Боцман, вздохнув, приказывает,
— Ко мне.
— Всё, моя очередь, — включаюсь и как не на своих ногах ковыляю к дяденьке. Боцман сноровисто обшаривает меня почерневшими клешнями. По-уставному поворачивается к Дасти. — Чисто, сэр.
Ага, к дубу передом, ко мне задом. Матросы заняты — обнюхивают канатные бухты. Изымаем ножик, у дяди ещё есть, и прячем под рубаху за спиной.
— Давай, малыш, только не порежься.
— А что делать?
— Стоишь, ревёшь, трясёшься.
— Это я запросто.
— Чисто, сэр, — докладывают матросы. Дасти бешено оглянулся на зарёванную рожицу Зака, но как наступить на горло собственной песне? Презрительно передёрнув плечами, резко разворачивается и, быстро перебирая кривыми ногами, отклячив зад чешет на ют. Псих в лосинах.

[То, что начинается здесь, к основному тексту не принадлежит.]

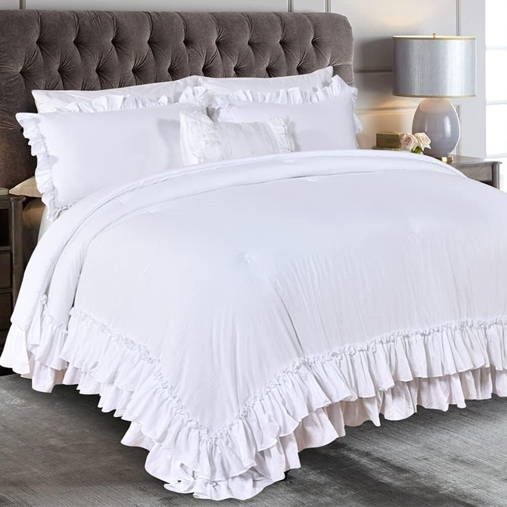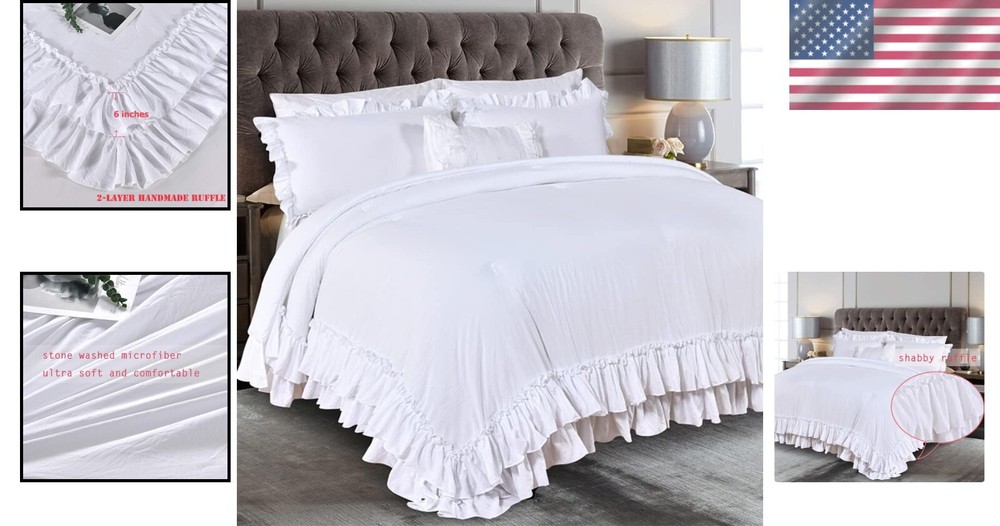 Cozy Ultra Soft Ruffled King Comforter Set with 2 Shams - All Season Comfort ‹ › ‹ › ‹ › ‹ › ‹ › ‹ › ‹ › Cozy Ultra Soft Ruffled King Comforter Set with 2 Shams All Season Comfort Features: Made from stone washed microfiber, offering an ultra-soft touch that is comfy and fluffy for all seasons. Elegant farmhouse ruffle style with 2-layer ruffle hems in bright white color for a vintage chic look. Expert craftsmanship with exquisite stitching ensures durability—no shifting, clumping, or worry of leakage or ripping. Complete set includes: 1 farmhouse shabby comforter (104" x 90" + 6" two-layer ruffles) and 2 matching shams (20" x 36" + 2" ruffles). Easy to care for; machine washable in cold water on a gentle cycle, tumble dry on low, or air dry naturally. We recommend washing before first use! Benefits: Transform your bedroom into a charming retreat with a cozy and inviting atmosphere. The ruffles add a touch of feminine flair that enhances any farmhouse or boho décor. Enjoy a restful night’s sleep wrapped in soft warmth, perfect for all seasons. Ideal as a thoughtful gift for loved ones, enhancing their sleeping experience. Durable and easy to maintain, allowing for years of luxurious comfort and style. Why Choose Our Cozy Ultra Soft King Comforter Set? Are you ready to elevate your bedroom with a touch of elegance and comfort? Our Cozy Ultra Soft Ruffled King Comforter Set is designed not just for looks but for unforgettable warmth and relaxation. The stone washed microfiber will cradle you in blissful softness, while the charming ruffle design speaks to your sophisticated taste. Drift into dreamland with the confidence that this pristine bedding will remain beautiful and functional over time. Your sanctuary awaits—indulge in the luxurious experience of our Cozy King Comforter Set today! Shipping Free & Fast Shipping - We offer free shipping to most of the USA with a normal delivery time of 3-7 days. However, due to the current situation, additional delivery time (up to 3 weeks) may be required for some items. Alternative Carriers - We may use alternative carriers (e.g. USPS, FedEx, UPS, etc.) to ensure your package arrives safely and on time. Due to the use of multiple carriers, we are unable to provide a tracking number automatically. Handling Time - Orders are processed and shipped within 1-2 business days of receiving cleared payment. Shipping Restrictions - Shipping to Alaska, Hawaii, Puerto Rico, Guam, and other US territories may incur shipping charges or delivery restrictions. Please contact us before ordering, or your order can be refunded/cancelled. State Restrictions - There may be restrictions based on your state of purchase. For example, certain items may not be shipped to California due to state regulations. Contact for Tracking Updates - If you require tracking updates or have any concerns about the delivery of your order, please feel free to contact us, and we will be happy to assist you. Return 30-Day Hassle-Free Returns - We want you to be completely satisfied with your purchase. If you are not, you can return the item within 30 days of receiving it for a full refund or exchange. Easy Return Process - To start a return, simply contact us and we will provide you with a prepaid return shipping label and detailed instructions. Restocking Fee - There are no restocking fees for returns. However, the buyer is responsible for return shipping costs if the return is not due to a seller's error. Refund Processing Time - Refunds will be processed within 5 business days of receiving the returned item in its original condition. Payment We accept all major credit cards, PayPal, and Apple Pay for your convenience. Your payment information is secure and encrypted to ensure a safe and seamless transaction. Please complete your payment within 3 days of purchase to avoid any delays in shipping. Feedback Your feedback is extremely important to us. We strive to provide the best products and customer service possible. If you are satisfied with your purchase, please take a moment to leave us a positive review. If you have any concerns or issues with your order, please contact us before leaving negative feedback. We are committed to resolving any problems and ensuring your satisfaction. Contact Us If you have any questions or concerns, please feel free to reach out to our customer support team. You can contact us through the eBay messaging system. We are available Monday to Friday, 9:00 am to 5:00 pm EST, and we will do our best to respond to your inquiry within 24 hours. Buy it now and enjoy a pleasant shopping experience! UPC: Not Set Model: Not Set Set Includes: Comforter,Pillow Sham Material: Microfiber,Polyester Features: Breathable,Hypoallergenic,Lightweight,Ultralight Character: Not Set Theme: Seasonal Care Instructions: Do Not Bleach,Machine Wash,Machine Wash Cold,Tumble Dry on Low Heat Department: Unisex Baby & Toddler,Kids,Teens,Adults Room: Bedroom Labels & Certifications: Not Set Size: King Type: Comforter Set Brand: Unbranded Color: White Fill Material: Polyester Pattern: Solid Item Width: Not Set Item Length: Not Set MPN: Not Set Insulation: All Seasons Number of Items in Set: 3 Style: Farmhouse Character Family: Not Set Season: All Seasons Country/Region of Manufacture: Not Set Closure Type: No Closure Drop Length: Not Set Thread Count: 400 GSM (Grams per Square Meter): 301 to 450 Product Line: Not Set Personalize: Not Set

Аж смешно!
— Грех смеяться над покойником, подонок, хотя… дрянь был этот Йеллоу, акулы им потравятся, — сплюнув за борт, презрительно процедил боцман, когда матросы, повинуясь его окрику, рысцой свалили по делам. — А нож ты выбросил, молодец.
— Ничего я не выбрасывал! — очень правдиво и искренне изумился Зак. — Какой нож, сэр боцман, сэр?
— Какой-какой! — усмехнулся моряк, — острый. Капрал ведь не сразу утоп, да. Акулы к нему шли, но кровища вокруг была до акул. А ты думал, что сможешь надуть старого Джэкоба, сорванец? Ладно. Дочищай этот клюз и лезь в трюм, я на люке велю тебя пустить. Отоспись и на ночь напросись тут драить. Поболтаем, подумаем, как с тобой быть. Дасти тебе своего дружка не простит. Ещё Кэп — редкая сволочь…
— Ну, давай, работай, — бурчит, на что-то раздражившись, и уходит.
— Повезло нам, Зак. — Подвожу первые итоги в воспитательных целях.
— Да… пронесло, так пронесло, — всё неправильно понял пацан.
— Это тоже, — говорю наставительно, — хорошего человека встретили.
— Ну, а я о чём? — усмехнулся воспитуемый.
— Ладно, давай снова я, — решаю пока перевести воспитание в практическую плоскость.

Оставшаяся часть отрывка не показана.